Agriculturally based people historically divide the year into four seasons. These included the two solstices and the two equinoxes, which could be thought of as the four "directional pillars" that support the year. These four times of the year were, and still are, important as they indicate seasonal changes that directly impact the lives of Mesoamerican agriculturalists.

The Maya closely observed and duly recorded the seasonal markers. They prepared almanacs recording past and recent solar and lunar eclipses, the phases of the moon, the periods of Venus and Mars, the movements of various other planets, and conjunctions of celestial bodies. These almanacs also made future predictions concerning celestial events. These tables are remarkably accurate, given the technology available, and indicate a significant level of knowledge among Maya astronomers.

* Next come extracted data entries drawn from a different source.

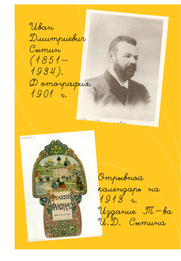 А в начале XX века почти в каждой избе около божницы можно было увидеть сытинские картины и численники (отрывные календари), а на полке или под божницей «Всеобщий Русский календарь» или «Общеполезный календарь» Товарищества Ивана Дмитриевича Сытина, которые любили рассматривать и детвора, и взрослые.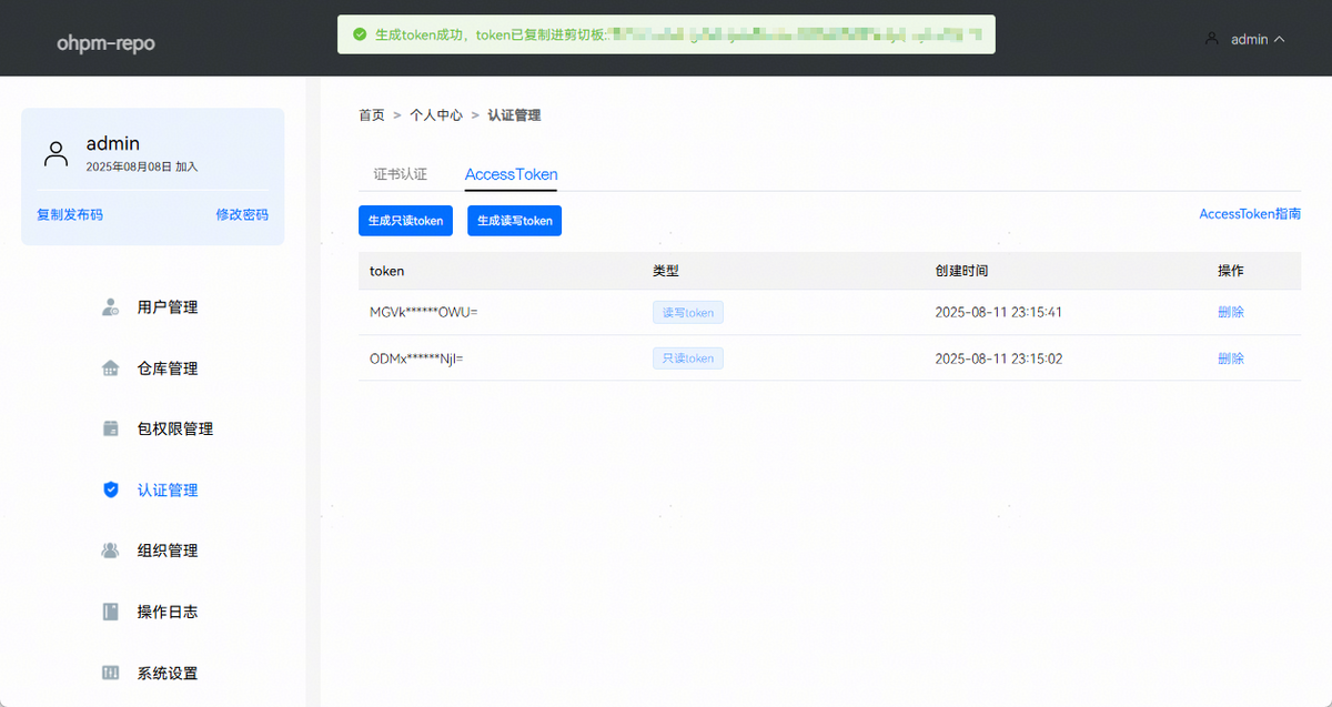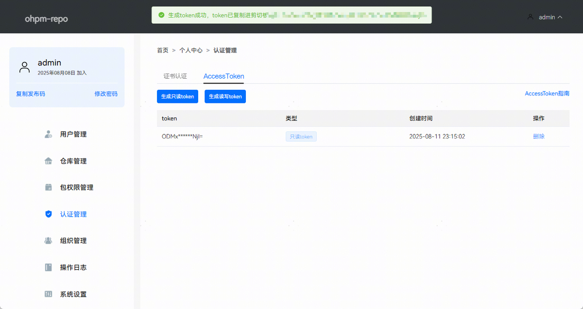 点击生成读写Token,ohpm-repo将自动生成一个专用于ohpm客户端进行包信息查询(info)、安装包(install)、发布包(publish)、下架包(unpublish)和版本标记(dist-tags)操作的认证Token。页面效果如下图所示: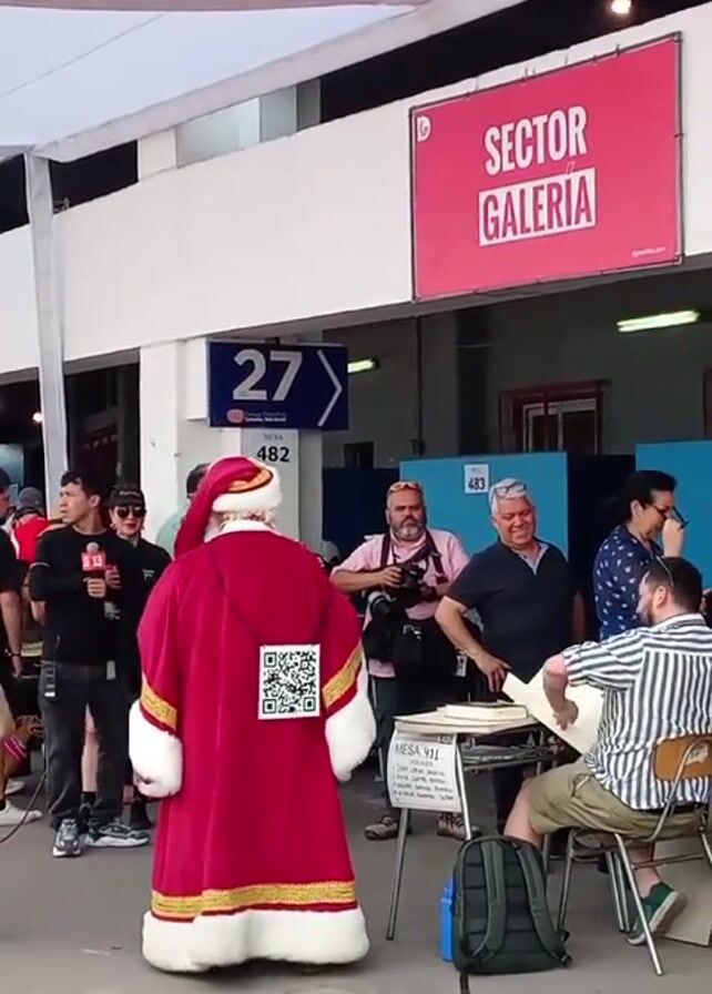 A man dressed in a Santa Claus costume, complete with a large QR code on his back, stands in front of a table where people are signing up to vote. He appears to be garnering attention, with several people including photographers and a reporter with a microphone surrounding him. The scene is outdoors under a white awning, with signs indicating voting table numbers. A large sign reading "SECTOR GALERÍA" is visible in the background. The atmosphere seems casual and engaged as individuals interact with the Santa figure and the voting registration process.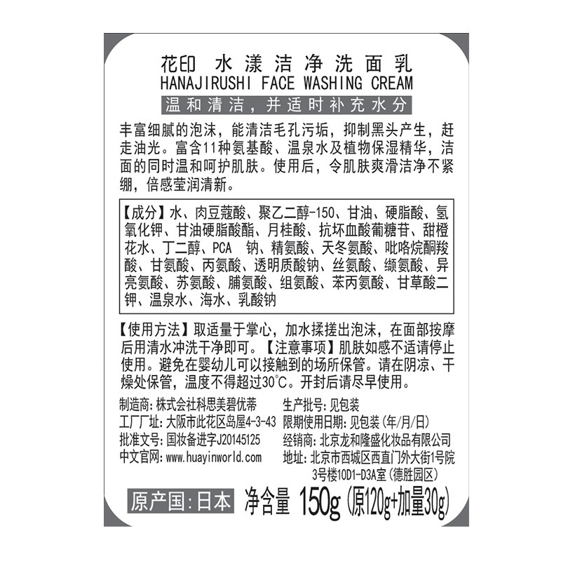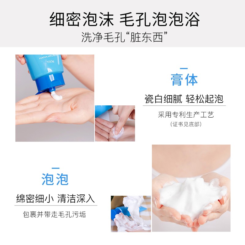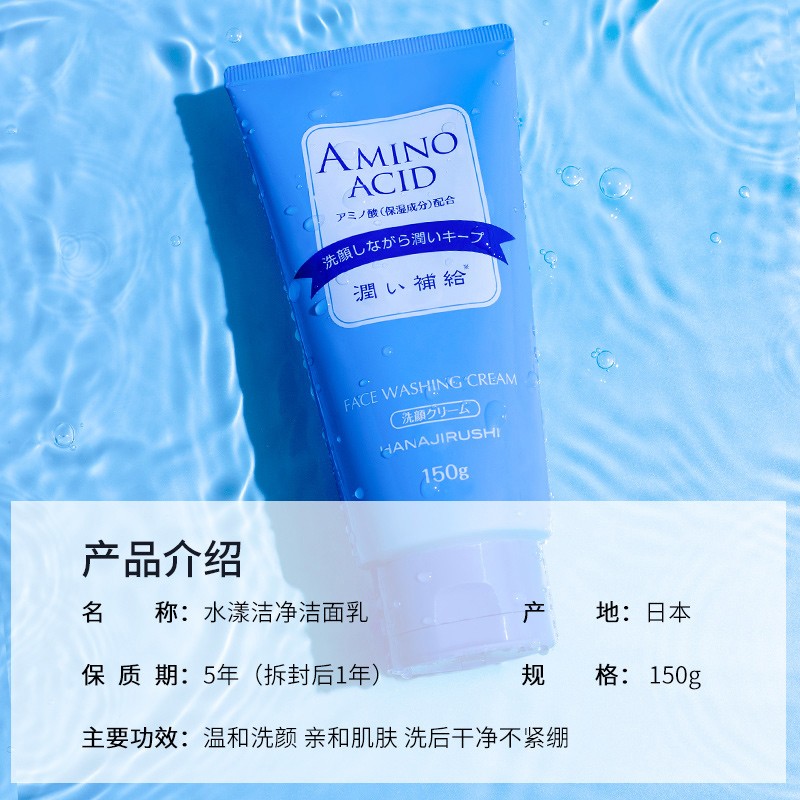 HANAJIRUSHI 花印 水漾洁净洗面乳 150g,泡沫丰富,添加了多种氨基酸降低刺激性,温和舒润,使用后清爽不紧绷,预防黑头的产生。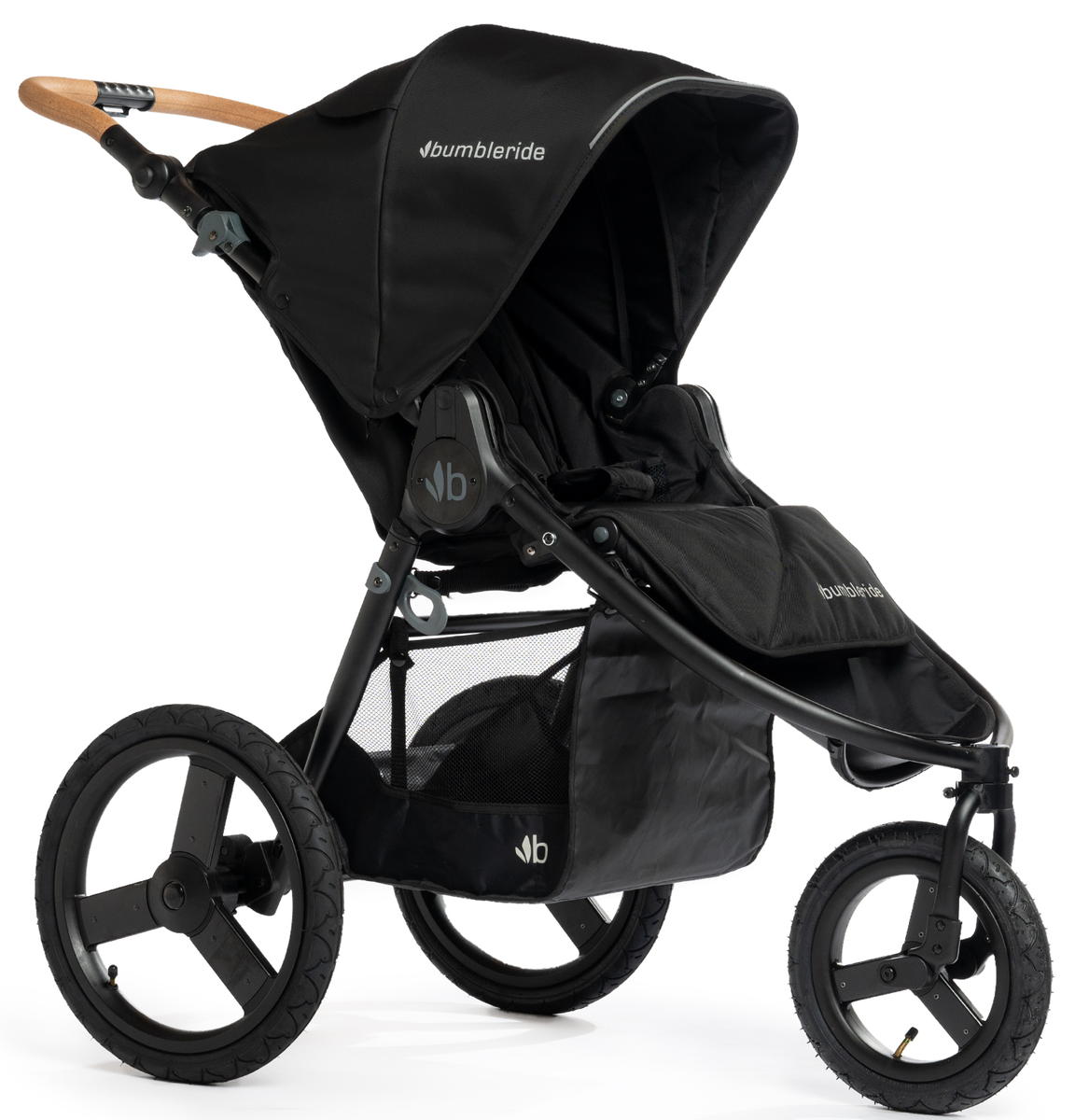 - Так, прогулочная коляска Bumbleride Speed снабжена большой вместительной корзиной для покупок с дополнительным карманом на молнии.

Among the many types of calendars the Maya maintained, the most important include a 260-day cycle, a 360-day cycle or 'year', a 365-day cycle or year, a lunar cycle, and a Venus cycle, which tracked the synodic period of Venus. Maya of the European contact period said that knowing the past aided in both understanding the present and predicting the future (Diego de Landa). The 260-day cycle was a calendar to govern agriculture, observe religious holidays, mark the movements of celestial bodies, and memorialize public officials. The 260-day cycle was also used for divination, and (like the Catholic calendar of saints) to name newborns.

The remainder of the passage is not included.